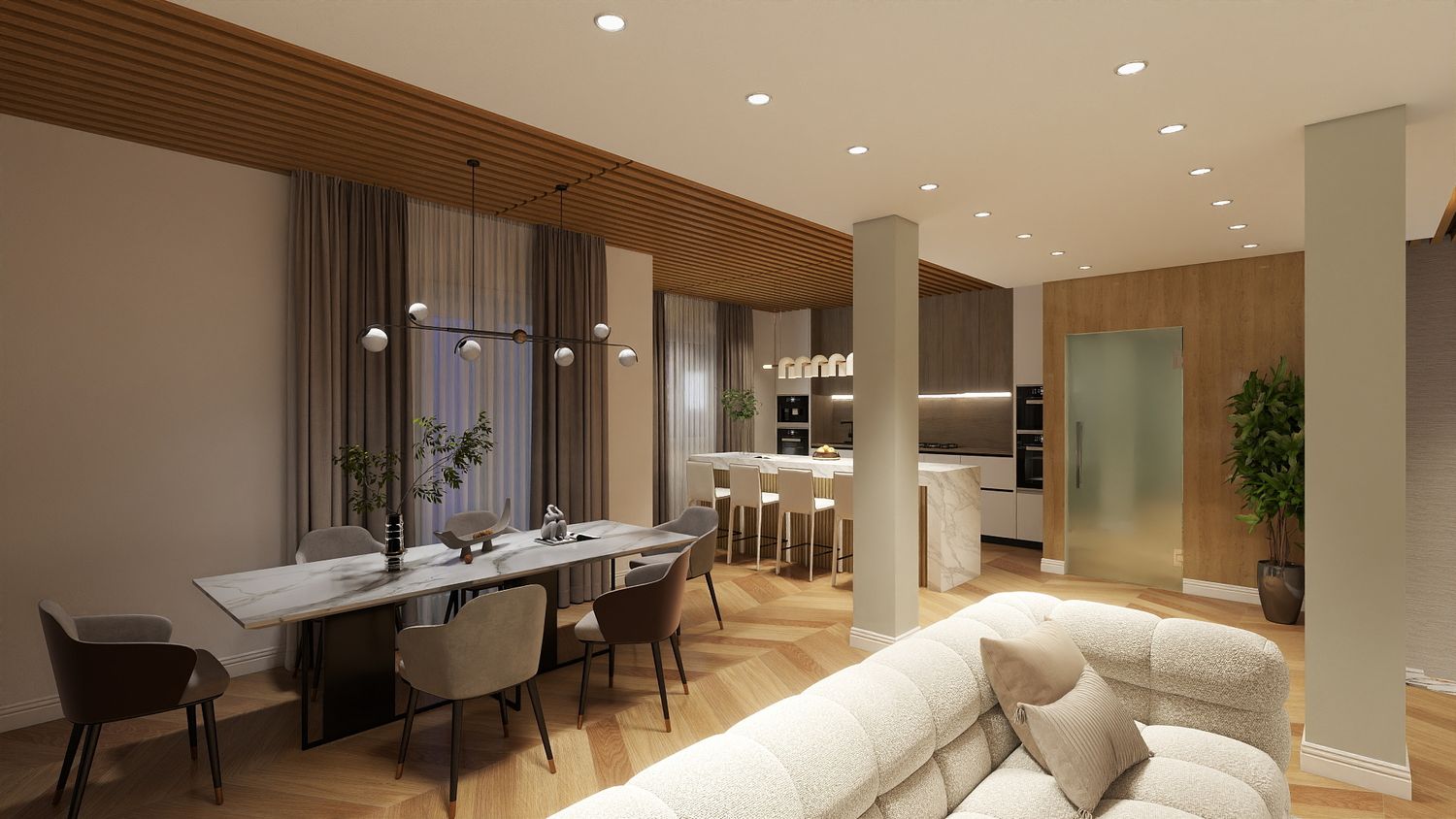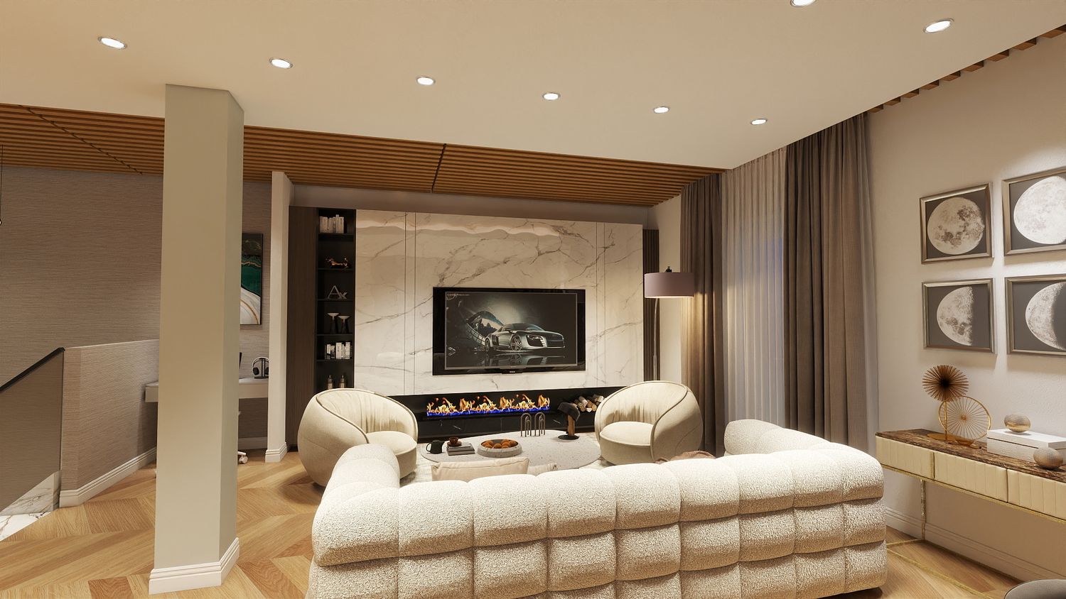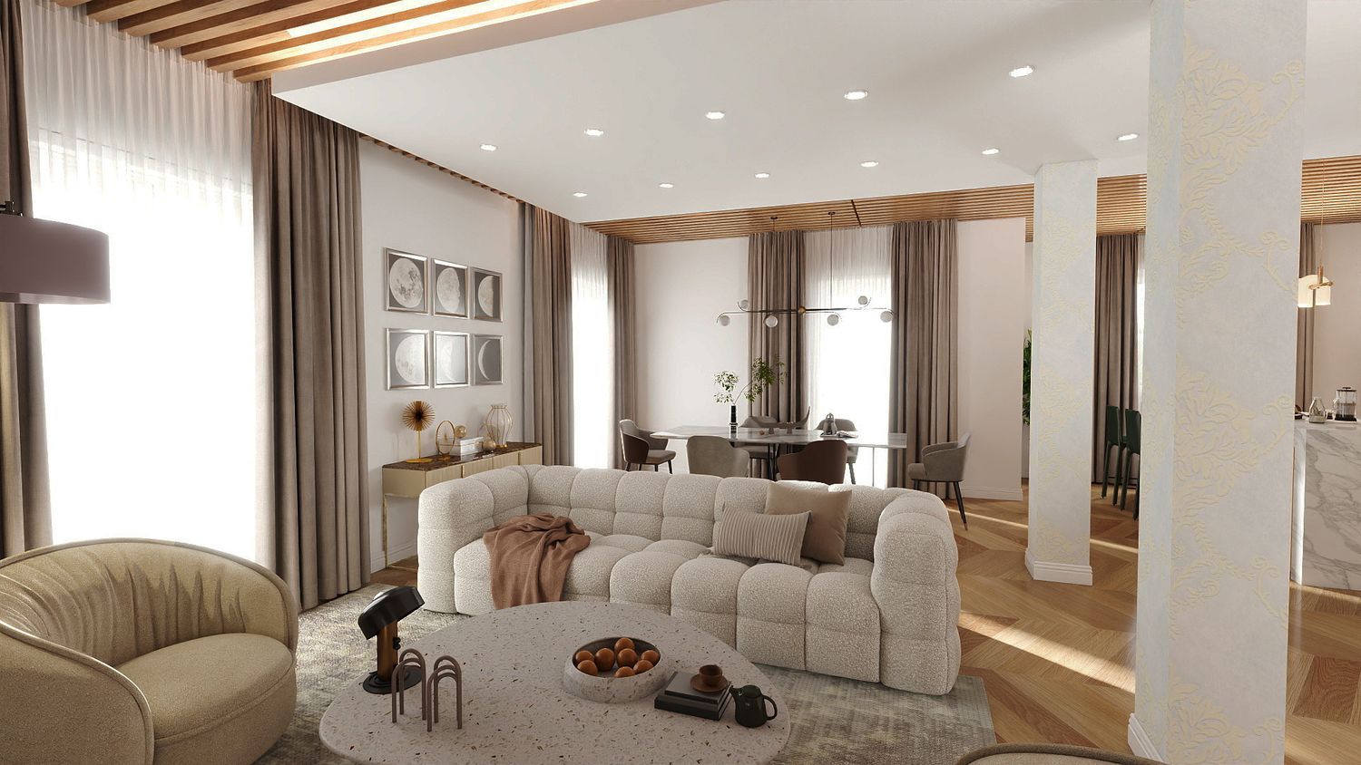 Il design proposto si ispira a un linguaggio moderno–contemporaneo, con tonalità calde di beige, legno naturale e accenti effetto marmo, per creare un ambiente accogliente e luminoso.
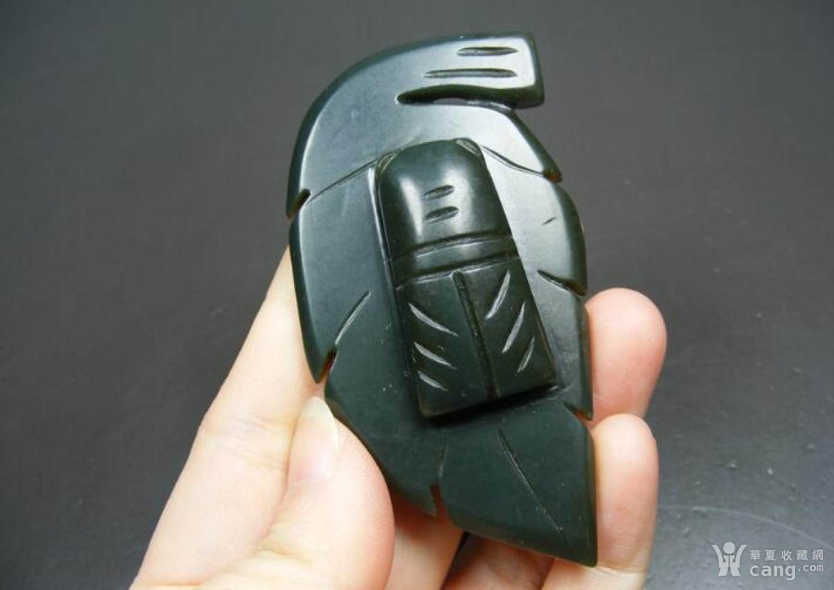 A10/35 X32 和田青玉带沁圆雕带孔秋叶蝉大把件
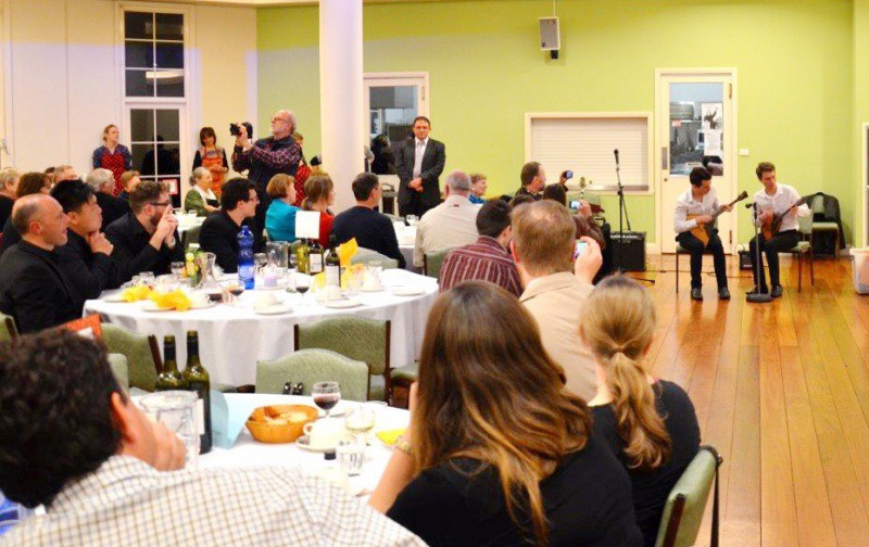 Организатор и ведущий встречи Марк Ганин проводит такие вечера ежегодно в Мельбурне и Сиднее, и это был уже 21-й благотворительный ужин. Большую поддержку в проведении мероприятия оказало сестричество собора в Мельбурне во главе с Любовью Коваленко, и это действительно огромный труд, так как в этот вечер собрались 140 гостей. Хотелось бы отметить прекрасно организованную программу вечера: камерный хор Melbourne Capella Chamber Choir под руководством Николая Коваленко исполнили русские народные песни, братья Карыповы спели и сыграли под аккомпанемент балалайки и гитары, Максим Шеко исполнил музыкальные произведения на скрипке. Далее был проведен аукцион и лотерея. В результате встречи были собраны 19 тысяч долларов, которые пойдут на продолжение строительства.
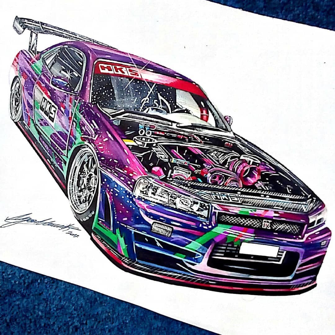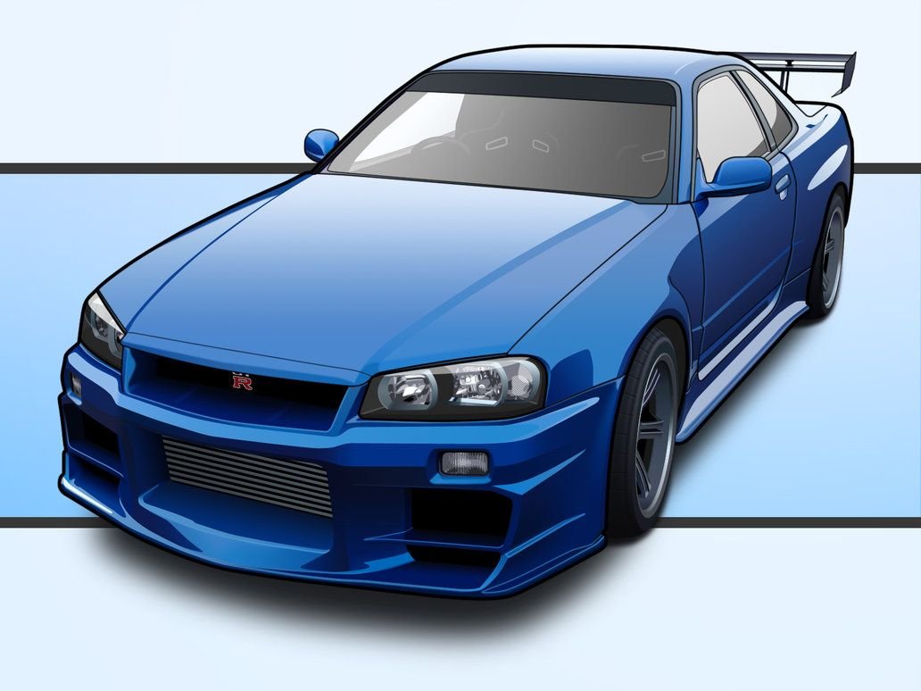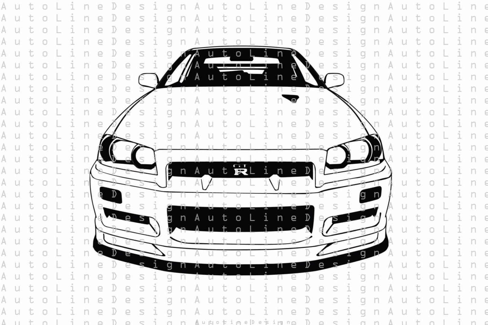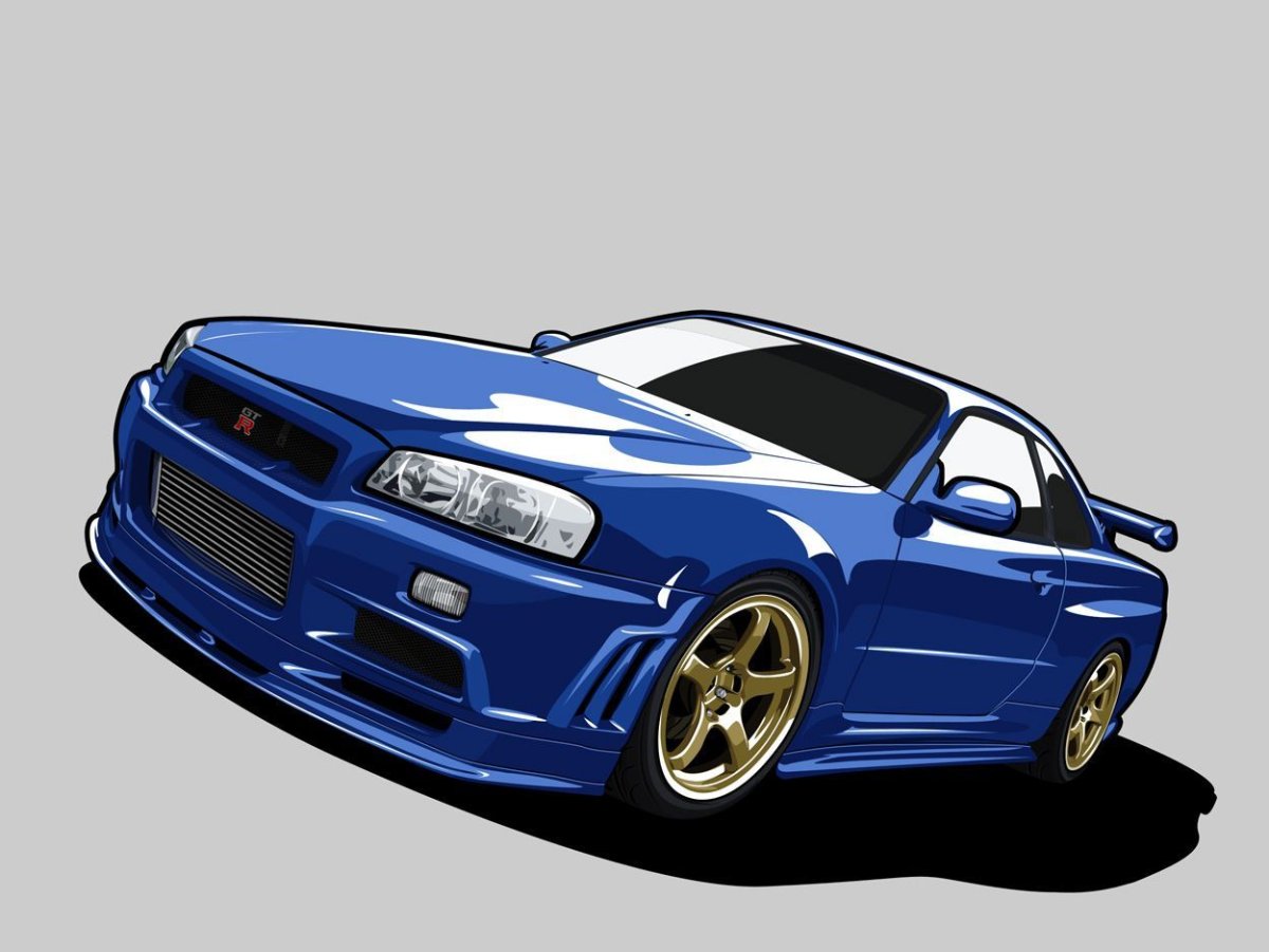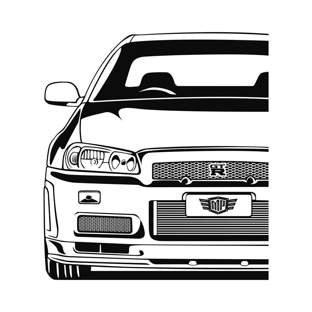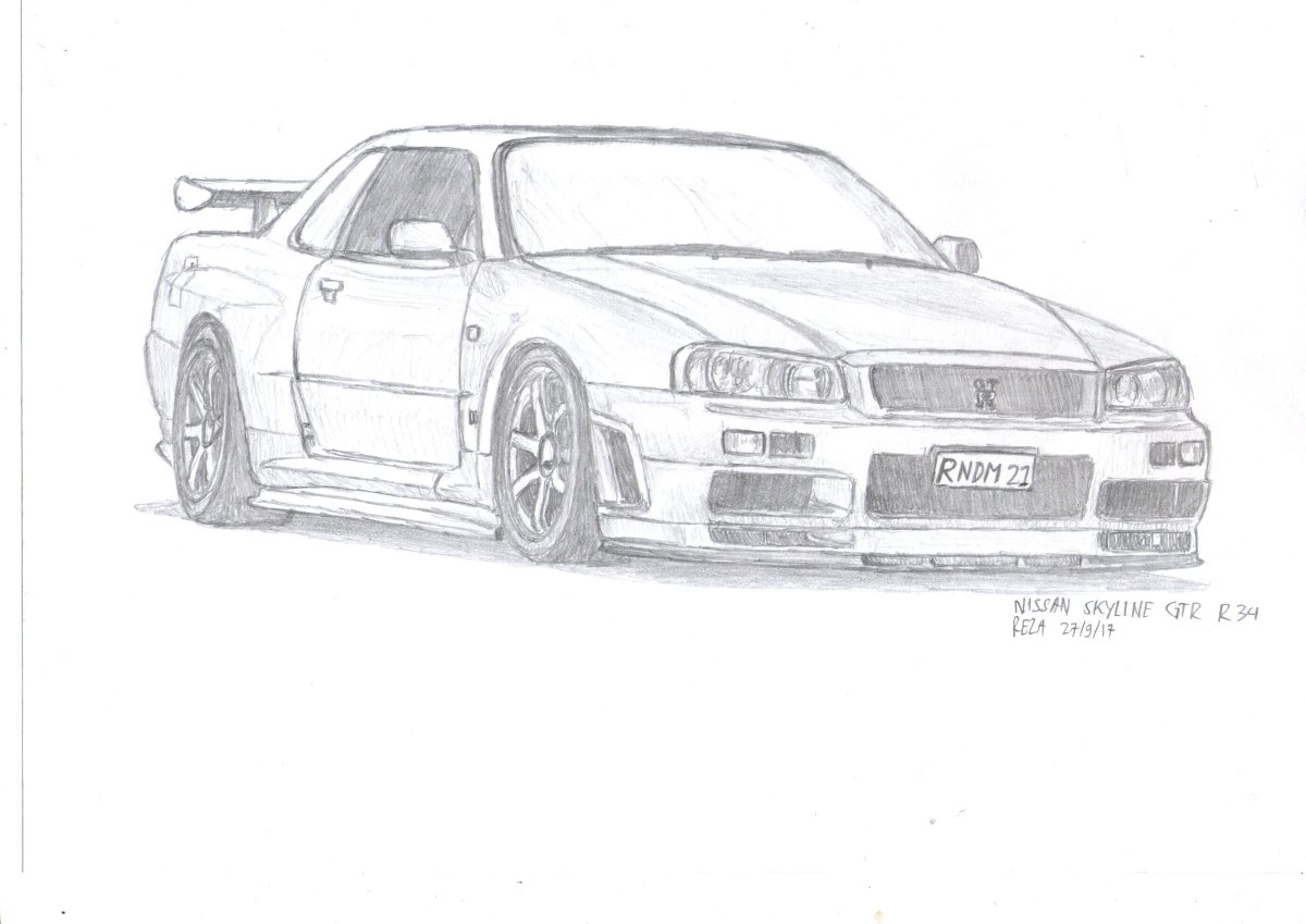 Ниссан Скайлайн ГТР 34 нарисовать сбоку
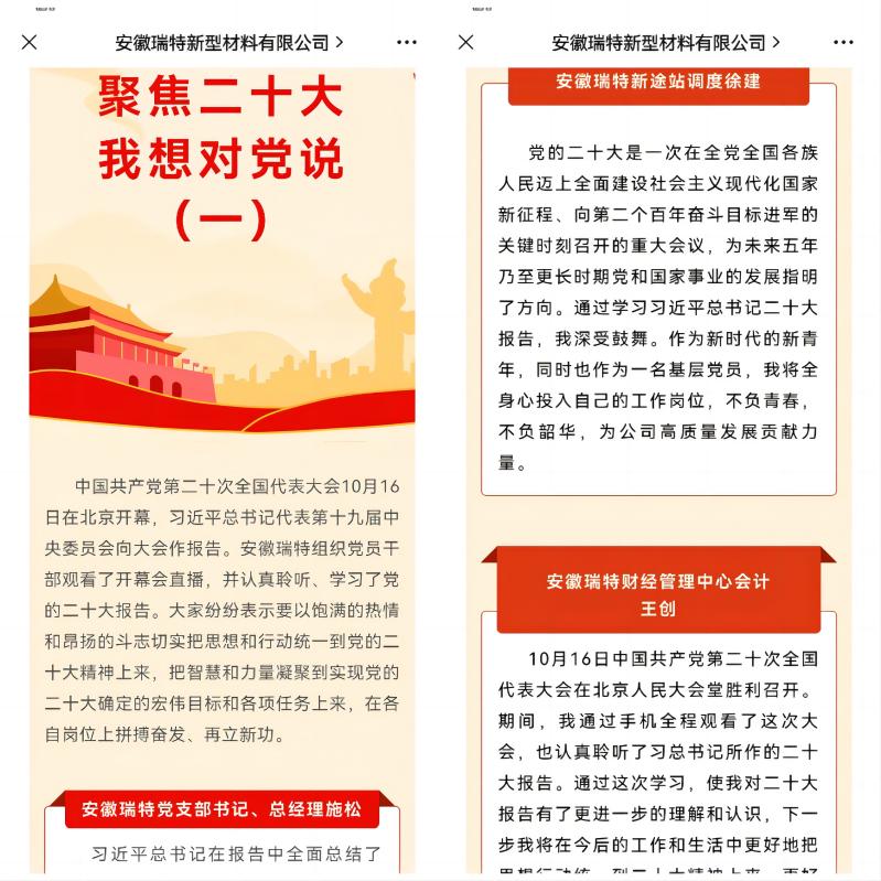 學思踐悟二十大 踔厲奮發譜新篇 ——安徽瑞特黨支部“三學三促”深入學習貫徹黨的二十大精神
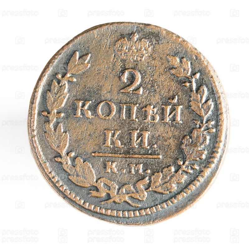 Медная монета российской империи на белом фоне
:::::
Pictures do not belong in the copy. Please reproduce the entries above exactly otherwise.

 Il design proposto si ispira a un linguaggio moderno–contemporaneo, con tonalità calde di beige, legno naturale e accenti effetto marmo, per creare un ambiente accogliente e luminoso.
 A10/35 X32 和田青玉带沁圆雕带孔秋叶蝉大把件
 Организатор и ведущий встречи Марк Ганин проводит такие вечера ежегодно в Мельбурне и Сиднее, и это был уже 21-й благотворительный ужин. Большую поддержку в проведении мероприятия оказало сестричество собора в Мельбурне во главе с Любовью Коваленко, и это действительно огромный труд, так как в этот вечер собрались 140 гостей. Хотелось бы отметить прекрасно организованную программу вечера: камерный хор Melbourne Capella Chamber Choir под руководством Николая Коваленко исполнили русские народные песни, братья Карыповы спели и сыграли под аккомпанемент балалайки и гитары, Максим Шеко исполнил музыкальные произведения на скрипке. Далее был проведен аукцион и лотерея. В результате встречи были собраны 19 тысяч долларов, которые пойдут на продолжение строительства.
 Ниссан Скайлайн ГТР 34 нарисовать сбоку
 學思踐悟二十大 踔厲奮發譜新篇 ——安徽瑞特黨支部“三學三促”深入學習貫徹黨的二十大精神
 Медная монета российской империи на белом фоне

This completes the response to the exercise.